# SHARE Barn Raising Hackathon
SHARE is an open source project dedicated to taking metadata on new research from around the web and bringing it into one normalized format, accessible via a JSON API.
SHARE just had a Beta release this April, and we're searching for ways to make it better. We need your help to include more sources, make some cool visualizations of what the existing SHARE metadata contains, and develop tools to connect and enrich the data by combining it in new ways.
SHARE uses Cassandra along with elasticsearch to make aggregations and data manipulation a breeze.
Day 1 Coffee, tea, juice in the morning, lunch in the afternoon. Day 2
More information about the SHARE organization available at http://share-research.org
## Activities
----
### Harvesters
So far, we have over 43 content providers, and we need your help to add more! Have a favorite research aggregator or journal with an API with open metadata? Want to browse our list of APIs that have open research metadata? That's all you need to get started.
* [SHARE Core - API Harvesting and Normalization - scrAPI](https://github.com/fabianvf/scrapi)
* [Creating a metadata harvester for SHARE](https://osf.io/wur56/wiki/Creating%20a%20Harvester/)
* [SHARE Schema](https://github.com/JeffSpies/SHARE-Schema)
### Data Analysis/Visualization
We have a nearly full Elasticsearch API, and have started developing a python library to facilitate analysis of SHARE data. You can help contribute to this library, including porting it to other languages (like R). You can also use the library to create interesting and meaningful analysis of the data, looking at terms, fields provided, etc.
* [SHARE Parsing and Analysis Python library - sharepa](https://github.com/fabianvf/sharepa)
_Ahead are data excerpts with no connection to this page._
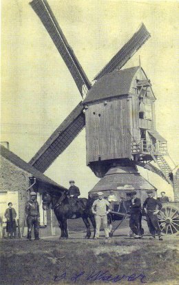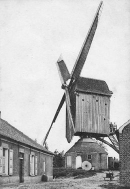 - ca. 1810: "un moulin à vent à farine. Il est affermé au sieur Melchior Van den Broeck avec un petit jardin et la superficie d'un bâtiment rural au prix de f. 350 avec les impôts et la charge d'entretenir les ouvrages tournants. Le bail en existant a pu servir de régulateur à l'estimation de cette usine. Le résultat de la ventilation a fait connaître que sa valeur locative brute était de f. 415,94 sur quoi déduisant le tiers pour les frais d'entretien et de réparations, il reste net f. 277,29. Mais attendu que ce résultat obtenu par cette ventilation, s'écarte de la présentation des évaluations définitives assignées aux usines de l'espèce dans d'autres communes ou des opérations cadastrales ont eu lieu, l'expert estime que celle du moulin dont il s'agit doit être en définitif réduite au taux de f. 250".
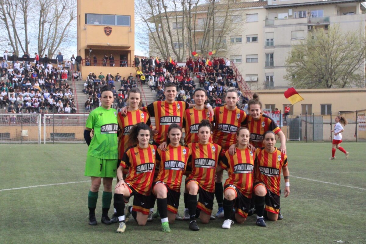 Valmontone (Rm) – L’Eccellenza femminile del Valmontone 1921 non ce l’ha fatta ad alzare al cielo di Roma la Coppa Italia di categoria. Nella finalissima giocata ieri presso lo storico campo “Roma”, le giallorosse di mister Luigi Colantuoni (ritratte nella foto di Roberto Benedetti prima della sfida) hanno ceduto di misura (0-1) contro l’Academy Ladispoli che l’ha spuntata grazie ad una rete realizzata nel primo tempo. Il patron Manolo Bucci e il presidente Massimiliano Bellotti, presenti sugli spalti, hanno commentato in coro la sfida: “Innanzitutto, vanno fatti i complimenti all’Academy Ladispoli che ha dimostrato di credere di più nel successo, ma per noi rimane comunque l’orgoglio di aver disputato una finale così importante. E’ stata una partita tesa, molto combattuta e con poche opportunità da rete. Il rammarico maggiore è per le nostre ragazze le quali hanno fatto un percorso che rimarrà nella storia, avendo vinto 16 partite su 16 di campionato e avendo conquistato tre vittorie e un pari nelle precedenti partite di Coppa. Probabilmente ieri hanno accusato un po’ di tensione e non hanno giocato come sanno fare”. Una vittoria le giallorosse e il club di via della Pace la hanno comunque ottenuta: “C’era un bellissimo clima sugli spalti e circa duecento persone (due pullman e diverse auto, ndr) sono arrivate da Valmontone – rimarcano Bucci e Bellotti – E’ il segno che la città ha risposto bene e si è avvicinata al calcio femminile grazie all’impegno e alla professionalità di questo gruppo, oltre che alla voglia della nostra società di valorizzare questo settore”. Adesso l’Eccellenza femminile del Valmontone 1921 si concentrerà sui play off che assegneranno un posto in serie C: “Gli scontri di andata e ritorno sono diversi dal campionato regolare, si ripartirà da zero – dicono i due dirigenti – A inizio stagione l’obiettivo primario era quello di fare il salto di categoria e ora le ragazze faranno di tutto per ottenerlo”.
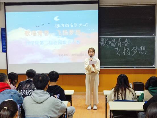 活动伊始,在上一届歌手大赛冠军进行暖场演唱之后,第一轮比赛拉开序幕,选手两人一组进行比拼,演唱的选手们都热情飞扬,信心饱满。第一轮比赛中,董林涛、徐彬彬等同学用丰沛的感情,婉转的音色赢得了观众热情的掌声。在评委打分的间隙,孙子涵同学携主持人为大家带来了一场精彩的“魔术之吻”表演。随后,共有9名选手晋级第二轮,此时,比赛愈加激烈,陈相国、王紫阳、徐彬彬、李心媛等同学的演唱曲目都难度更高,专业性更强,每首演唱完后,观众们掌声不断,一起沉浸在音乐的海洋中,享受听觉的盛宴。

* [Elasticsearch API](http://osf.io/api/v1/share/search/?raw) and [API Documentation](http://osf.io/share/docs)
* [Old tool for visualizing SHARE data](http://github.com/erinspace/scrapi_stats)
* [SHARE Schema](https://github.com/JeffSpies/SHARE-Schema)
* [Metadata Analysis](https://osf.io/wur56/wiki/Metadata%20Analysis/) of what each provider has and how it is mapped to our schema
Here are some ideas for creating visualizations:
* Analyzing what keywords appear the most across services
* Analyzing identifiers that appear across services (dois, urls, etc)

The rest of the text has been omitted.